**DIRECTIONS:** Output exactly, in the material below, the lines from the one with "Menu Mise en Forme Conditionnelle." through the one with "Wellsee Drainage System". Omit all pictures.

INFORMATION PROVIDED Block Start

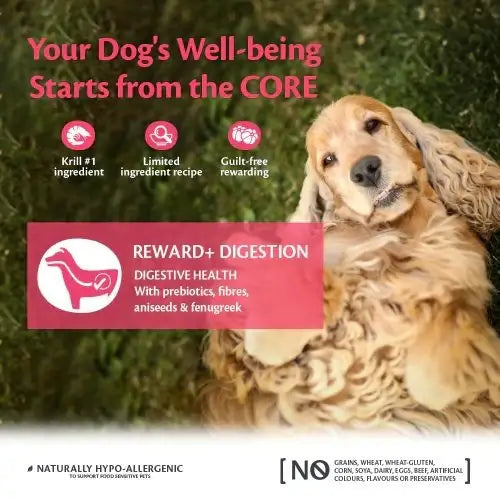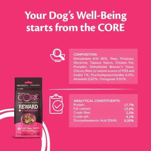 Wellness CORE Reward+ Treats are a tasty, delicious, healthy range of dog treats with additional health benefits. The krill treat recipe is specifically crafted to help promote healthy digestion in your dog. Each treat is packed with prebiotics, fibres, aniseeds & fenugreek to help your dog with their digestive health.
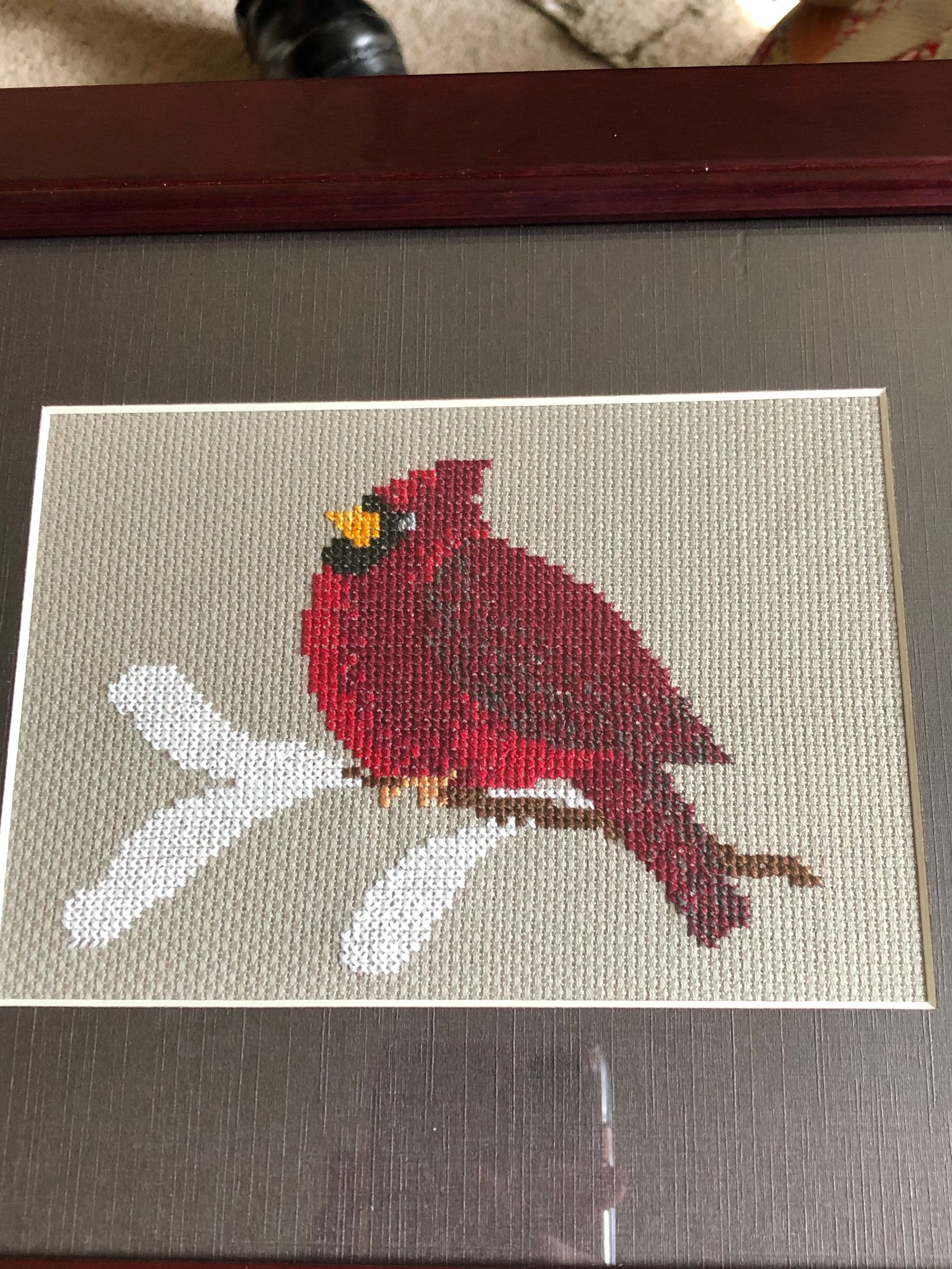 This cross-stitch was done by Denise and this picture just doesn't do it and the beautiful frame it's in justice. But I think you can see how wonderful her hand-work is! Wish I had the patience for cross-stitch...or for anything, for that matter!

INFORMATION PROVIDED Block End
INFORMATION PROVIDED Block Start

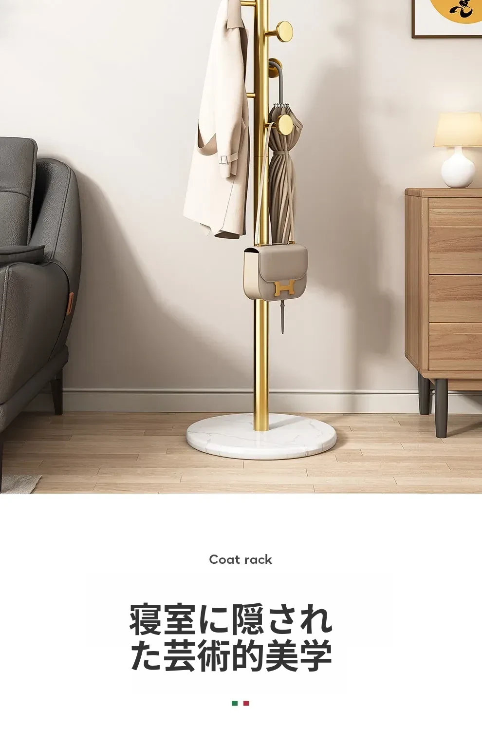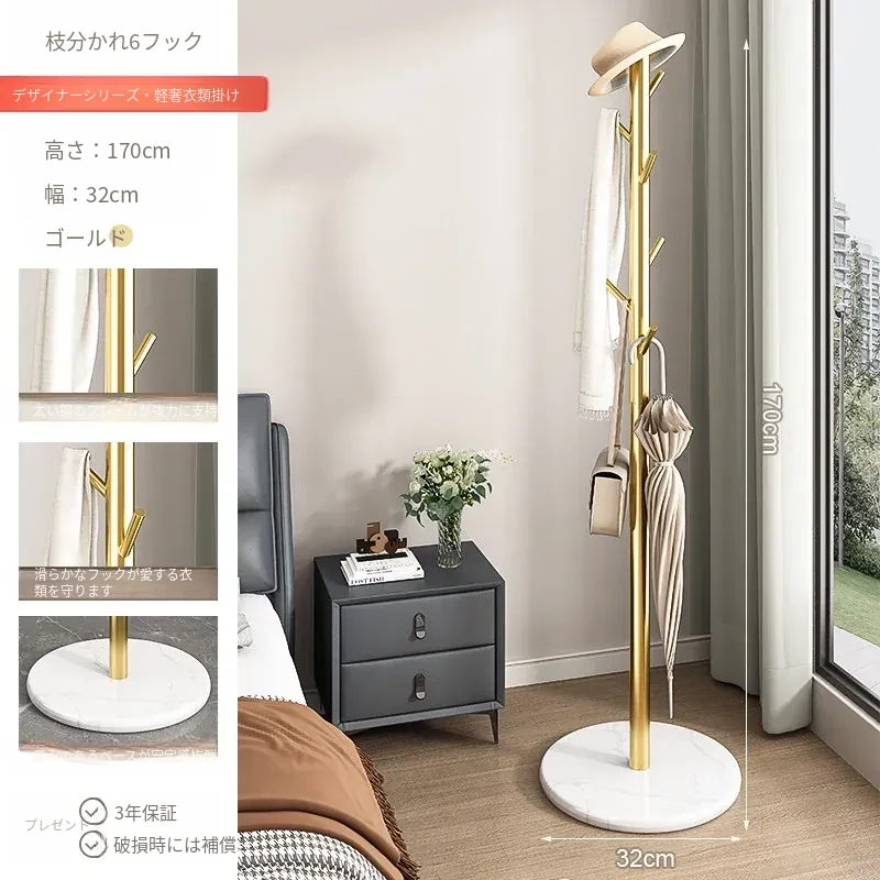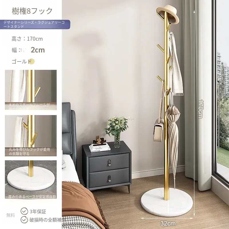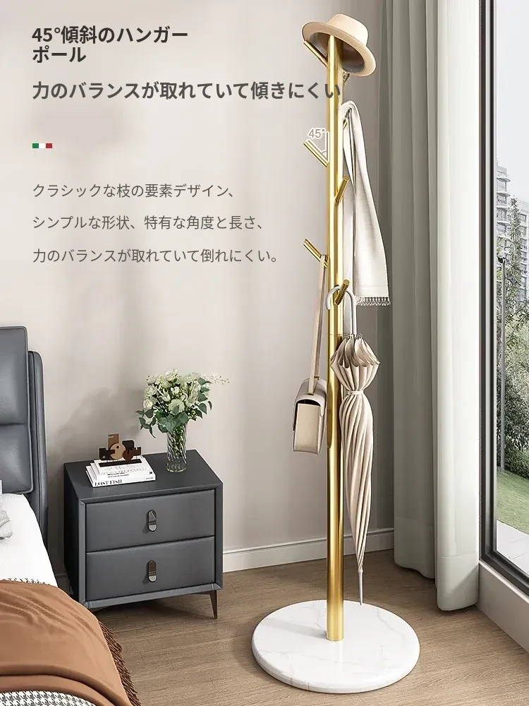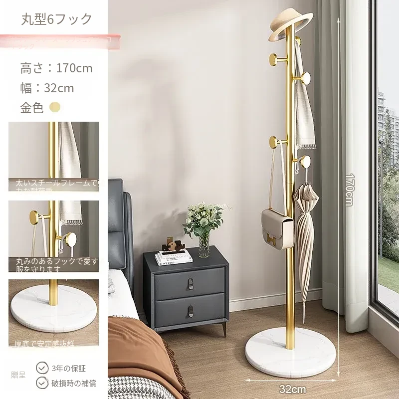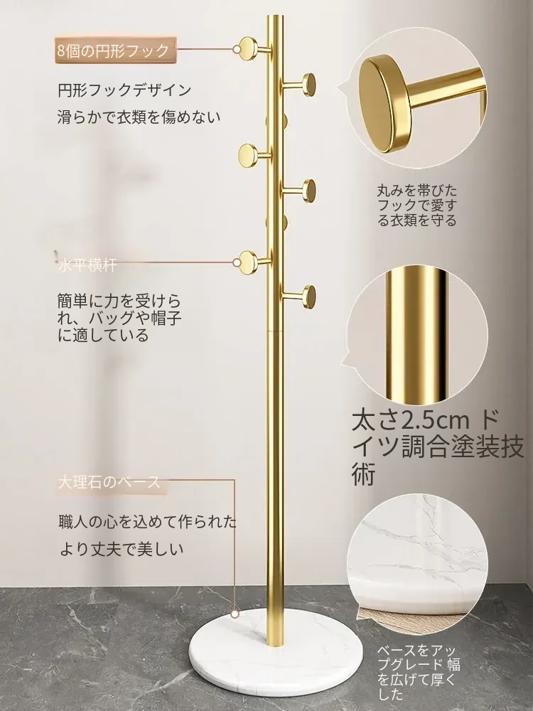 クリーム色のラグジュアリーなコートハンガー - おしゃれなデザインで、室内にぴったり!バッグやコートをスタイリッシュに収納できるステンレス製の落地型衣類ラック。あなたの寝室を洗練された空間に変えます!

INFORMATION PROVIDED Block End
INFORMATION PROVIDED Block Start

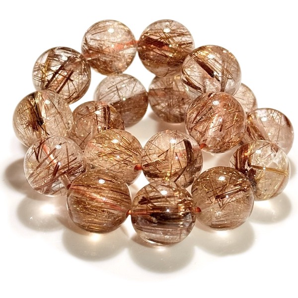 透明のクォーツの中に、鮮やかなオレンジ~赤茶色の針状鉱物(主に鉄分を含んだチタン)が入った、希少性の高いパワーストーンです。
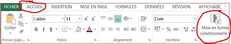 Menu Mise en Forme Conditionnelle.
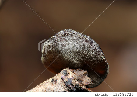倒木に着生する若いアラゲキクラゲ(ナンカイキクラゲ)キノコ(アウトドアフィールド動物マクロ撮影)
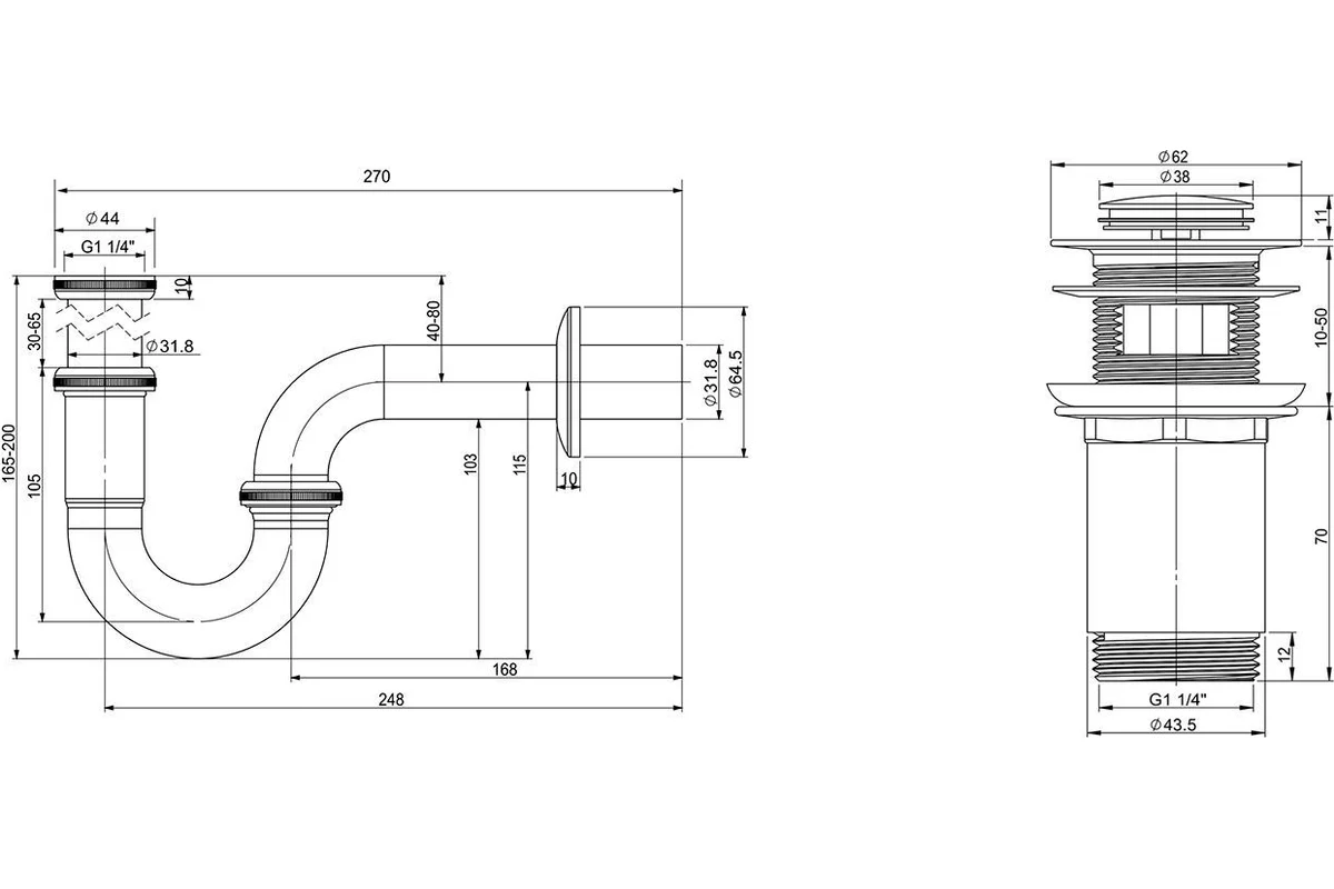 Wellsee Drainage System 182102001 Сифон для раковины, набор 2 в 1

INFORMATION PROVIDED Block End

**ANSWER FOR THIS EXERCISE:**
 Menu Mise en Forme Conditionnelle.
倒木に着生する若いアラゲキクラゲ(ナンカイキクラゲ)キノコ(アウトドアフィールド動物マクロ撮影)
 Wellsee Drainage System 182102001 Сифон для раковины, набор 2 в 1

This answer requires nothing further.